George W. Bush broke a special relationship with Europe, fueling divisions within the old continent. The flop in Iraq not only highlighted the limits of U.S. hard power but also gave a hard blow to American soft power and way of life. Barack Obama embraced strict isolationism, reducing the use of hard and soft power around the world. However, Obama’s withdrawal made room –- in Europe, Asia and Africa –- for the advancement of totalitarian countries and illiberal democracies. Trump continues Obama’s politics, with more cynicism for one thing, but at least without that cheap internationalist rhetoric that filled the speeches of his predecessor.

If Italians are in love with China, it is also due to this new idea of America in “Retreat,” the title of the great book by journalist Bret Stephens. The American appeal in Italy took off in the years of the Cold War for U.S. abilities in economic, military, political and cultural intervention, unmatched in recent human history. In truth, on a military and political level, the numerous American administrators made more than one mistake. America showed that it remained charming and attractive for its (deeply ideological) ability to present itself as the land of opportunities and freedom.
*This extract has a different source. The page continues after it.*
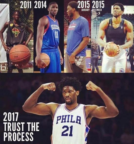熟悉恩比德这名球员的球迷一定知道他直到16岁才正式的接受篮球训练,早年的他其实主练的运动是足球。而刚开始练习篮球的恩比德由于身体过于瘦弱导致一直在对抗方面吃亏,不过,在经过几年的合理增重后,进入联盟时的恩比德已经初露峥嵘。时至今日,恩比德已经成为场均27+13的内线巨兽,对比他进入联盟前和现在的照片简直判若两人。

American and Western liberalism –- in one word: Atlantic –- has been the most powerful source in the world for years. The beam of light that projected on every corner of the planet was the clearest guide for anyone who aspired to embrace a dimension of their own fully free existence, which is, therefore, inherently just. The beam of light from the Atlantic lighthouse gained the upper hand, because it had to satisfy both the old Enlightenment freedoms of speech and worship as well as the 20th century material freedoms from need and fear. Roosevelt’s four freedoms shared the moral strength of the Western way of life and the practical benefit as a reference for living a harmonious, productive and prosperous life.
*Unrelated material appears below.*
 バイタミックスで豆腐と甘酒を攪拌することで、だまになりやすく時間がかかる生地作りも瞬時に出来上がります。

Thirty years after the end of the Cold War, that same lighthouse shines much less brightly. Many take its existence for granted as if it were not man-made. The constant state of peace guarantees fundamental freedoms unconditionally. At the same time, the widespread rise from poverty of hundreds of millions of people in parts of the world untouched by liberal democracy weakens the belief that the combination of democracy and capitalism is the most effective in alleviating human suffering. While the Enlightenment freedoms are losing their influence, the 20th century freedoms are also less effective than they once were.
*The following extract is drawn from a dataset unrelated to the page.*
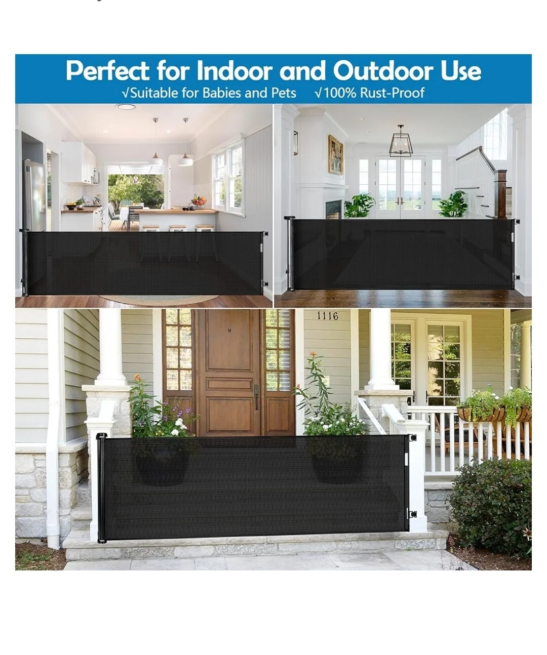 90 Inch Retractable Baby Gates Extra Wide Dog Gate Outdoor Retractable Gate GG10

“The Light that Failed” by Ivan Krastev and Stephen Holmes is a book that best explains how the beacon of liberalism needs urgent repair; and that it will be subjected to new fogging. It is evident, in fact, that the most socially and culturally underdeveloped nations are comfortable using strong growth outcomes for distribution purposes. Their gap, compared to Western countries, is such that the acquisition of social elements is already visible to the naked eye, hardly requiring empirical measurement. This observation says a great deal already, but means even more. Because the gap between the West and the rest of the world is still significant, these acquisitions will continue to grow freely, with a consequent increase in the appeal of undemocratic systems.

The health emergency of the coronavirus and subsequent economic and social crises will make these ongoing processes more visible and dramatic. Crises — all crises — are steps toward unpredictable developments, which only the individual ingenuity and cooperative ability of women and men of goodwill can shape. The challenge of liberal democracies is, at the same time, ideological and pragmatic. It is a question of reigniting the moral horizon of Enlightenment freedoms and reviving the material usefulness of 20th century social freedoms. Only by putting all hands on the beacon of liberalism could it start to shine like it used to.

Before it was the title of Krastev and Holmes’ essay, “The Light that Failed” was the title of Rudyard Kipling’s debut novel. A love novel which, as the two essayists remember, had two different versions: one short with a happy ending, the other longer with an unhappy ending. There is no doubt that the bet on liberal democracy is also open to either of these outcomes.